Given data:
****************************************

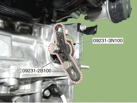 | Fix the ring gears using the SST(09231-2B100,09231-3N100) after removing thestarter. Then remove the crankshaft damperpulley.
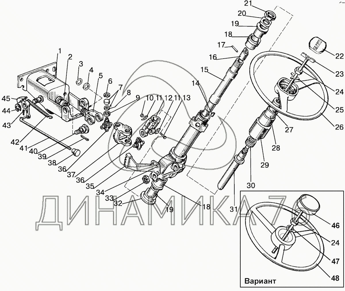 Перечень комплектующих от Колонка рулевая на МТЗ-1221.4
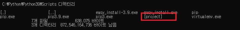 설치가 완료되면 Scripts 폴더 아래, project 폴더가 생성됩니다.
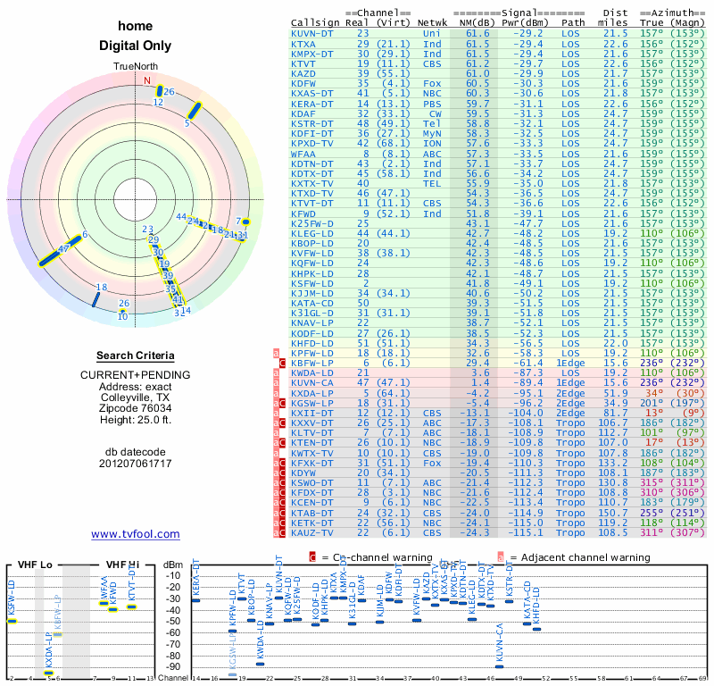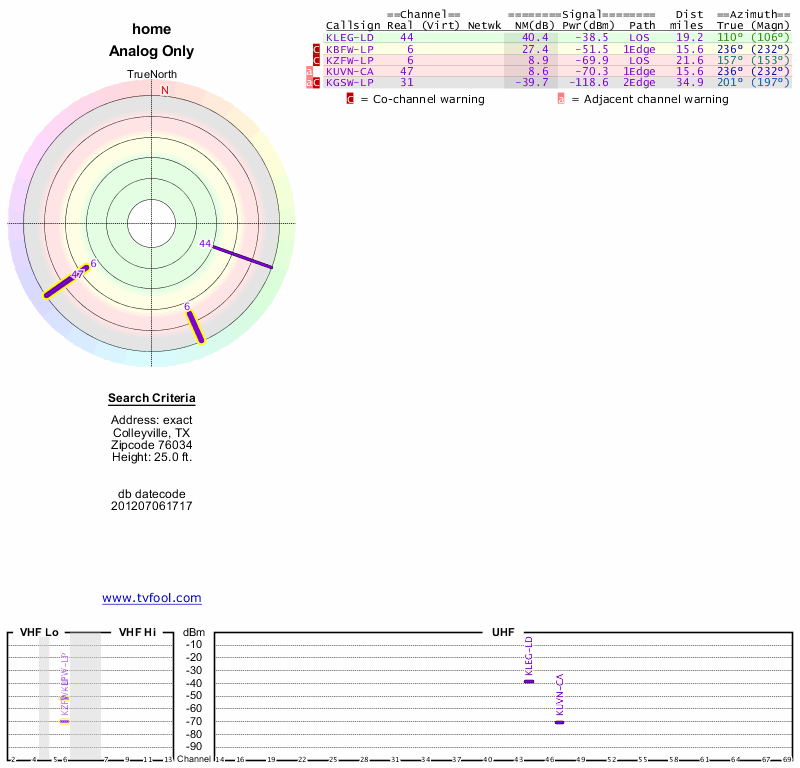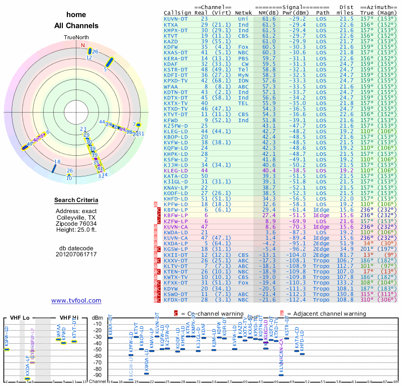 Here are the results for your location. The transmitter database was last updated on June 7, 2013. For more information about these plots and how to interpret them, please check out the Signal Analysis FAQ.

****************************************

Task goal: Would you copy all of the data exactly? Keep the pictures out of it.

Response:
 | Fix the ring gears using the SST(09231-2B100,09231-3N100) after removing thestarter. Then remove the crankshaft damperpulley.
 Перечень комплектующих от Колонка рулевая на МТЗ-1221.4
 설치가 완료되면 Scripts 폴더 아래, project 폴더가 생성됩니다.
 Here are the results for your location. The transmitter database was last updated on June 7, 2013. For more information about these plots and how to interpret them, please check out the Signal Analysis FAQ.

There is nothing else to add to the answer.